SUPPLIED DATA:

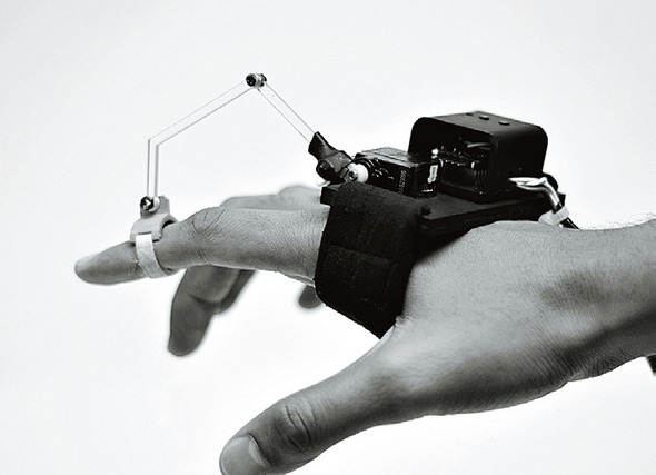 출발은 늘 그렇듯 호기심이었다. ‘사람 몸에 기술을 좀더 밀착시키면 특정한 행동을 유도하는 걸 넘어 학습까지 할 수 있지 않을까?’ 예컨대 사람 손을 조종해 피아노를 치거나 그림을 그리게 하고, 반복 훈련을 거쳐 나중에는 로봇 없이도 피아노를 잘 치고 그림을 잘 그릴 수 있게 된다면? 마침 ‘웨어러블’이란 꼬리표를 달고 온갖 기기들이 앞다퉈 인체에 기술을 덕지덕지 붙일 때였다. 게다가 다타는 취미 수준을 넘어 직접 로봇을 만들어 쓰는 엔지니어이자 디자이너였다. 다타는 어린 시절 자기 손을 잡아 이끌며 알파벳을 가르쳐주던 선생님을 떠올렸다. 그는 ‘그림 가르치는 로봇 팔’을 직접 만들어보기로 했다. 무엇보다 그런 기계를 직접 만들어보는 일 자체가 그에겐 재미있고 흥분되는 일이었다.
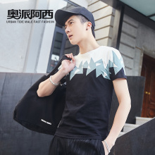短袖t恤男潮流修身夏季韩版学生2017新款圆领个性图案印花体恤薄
...
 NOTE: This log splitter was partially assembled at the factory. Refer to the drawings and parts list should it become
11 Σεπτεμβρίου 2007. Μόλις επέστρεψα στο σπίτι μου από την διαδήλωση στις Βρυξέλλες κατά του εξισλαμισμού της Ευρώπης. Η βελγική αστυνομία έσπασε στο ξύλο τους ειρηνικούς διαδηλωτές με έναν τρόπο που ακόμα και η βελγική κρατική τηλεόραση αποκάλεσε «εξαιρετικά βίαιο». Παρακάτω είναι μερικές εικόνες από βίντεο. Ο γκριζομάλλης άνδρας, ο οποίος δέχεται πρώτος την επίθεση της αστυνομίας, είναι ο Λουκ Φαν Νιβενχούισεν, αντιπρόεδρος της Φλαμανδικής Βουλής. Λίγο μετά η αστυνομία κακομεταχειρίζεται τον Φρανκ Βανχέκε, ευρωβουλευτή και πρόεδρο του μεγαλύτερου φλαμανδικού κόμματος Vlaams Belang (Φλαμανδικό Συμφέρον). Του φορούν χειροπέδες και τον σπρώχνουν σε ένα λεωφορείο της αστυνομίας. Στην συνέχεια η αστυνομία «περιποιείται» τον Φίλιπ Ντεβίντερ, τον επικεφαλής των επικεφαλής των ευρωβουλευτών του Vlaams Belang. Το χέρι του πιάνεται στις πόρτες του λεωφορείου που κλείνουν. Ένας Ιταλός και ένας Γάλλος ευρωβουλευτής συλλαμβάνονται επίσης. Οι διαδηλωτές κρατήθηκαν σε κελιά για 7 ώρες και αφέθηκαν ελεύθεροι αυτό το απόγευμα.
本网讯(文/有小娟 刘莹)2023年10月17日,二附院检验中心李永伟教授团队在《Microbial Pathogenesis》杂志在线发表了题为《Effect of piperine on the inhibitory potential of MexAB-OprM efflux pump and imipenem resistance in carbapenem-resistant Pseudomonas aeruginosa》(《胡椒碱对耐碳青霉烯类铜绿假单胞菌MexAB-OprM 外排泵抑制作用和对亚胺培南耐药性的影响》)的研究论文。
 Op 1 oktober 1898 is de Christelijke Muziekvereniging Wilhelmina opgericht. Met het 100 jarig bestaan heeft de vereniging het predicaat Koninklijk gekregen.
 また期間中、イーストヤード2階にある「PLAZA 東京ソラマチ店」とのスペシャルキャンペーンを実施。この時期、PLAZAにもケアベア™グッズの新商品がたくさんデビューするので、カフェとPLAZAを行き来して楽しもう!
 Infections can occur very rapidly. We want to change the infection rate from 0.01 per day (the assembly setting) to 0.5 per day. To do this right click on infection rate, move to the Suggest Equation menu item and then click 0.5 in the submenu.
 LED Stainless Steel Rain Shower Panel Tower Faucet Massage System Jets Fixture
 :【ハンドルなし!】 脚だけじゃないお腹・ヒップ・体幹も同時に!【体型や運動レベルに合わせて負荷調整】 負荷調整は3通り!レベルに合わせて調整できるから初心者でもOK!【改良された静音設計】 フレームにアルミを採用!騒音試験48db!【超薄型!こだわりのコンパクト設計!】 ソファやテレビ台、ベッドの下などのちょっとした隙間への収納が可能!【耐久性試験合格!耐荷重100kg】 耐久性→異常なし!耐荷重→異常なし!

PROBLEM DESCRIPTION: Reproduce the data above exactly, but only from the line containing "출발은 늘 그렇듯 호기심이었다." through the line containing "短袖t恤男潮流修身夏季韩版学生2017新款圆领个性图案印花体恤薄". Omit all pictures.

TASK ANSWER:
 출발은 늘 그렇듯 호기심이었다. ‘사람 몸에 기술을 좀더 밀착시키면 특정한 행동을 유도하는 걸 넘어 학습까지 할 수 있지 않을까?’ 예컨대 사람 손을 조종해 피아노를 치거나 그림을 그리게 하고, 반복 훈련을 거쳐 나중에는 로봇 없이도 피아노를 잘 치고 그림을 잘 그릴 수 있게 된다면? 마침 ‘웨어러블’이란 꼬리표를 달고 온갖 기기들이 앞다퉈 인체에 기술을 덕지덕지 붙일 때였다. 게다가 다타는 취미 수준을 넘어 직접 로봇을 만들어 쓰는 엔지니어이자 디자이너였다. 다타는 어린 시절 자기 손을 잡아 이끌며 알파벳을 가르쳐주던 선생님을 떠올렸다. 그는 ‘그림 가르치는 로봇 팔’을 직접 만들어보기로 했다. 무엇보다 그런 기계를 직접 만들어보는 일 자체가 그에겐 재미있고 흥분되는 일이었다.
短袖t恤男潮流修身夏季韩版学生2017新款圆领个性图案印花体恤薄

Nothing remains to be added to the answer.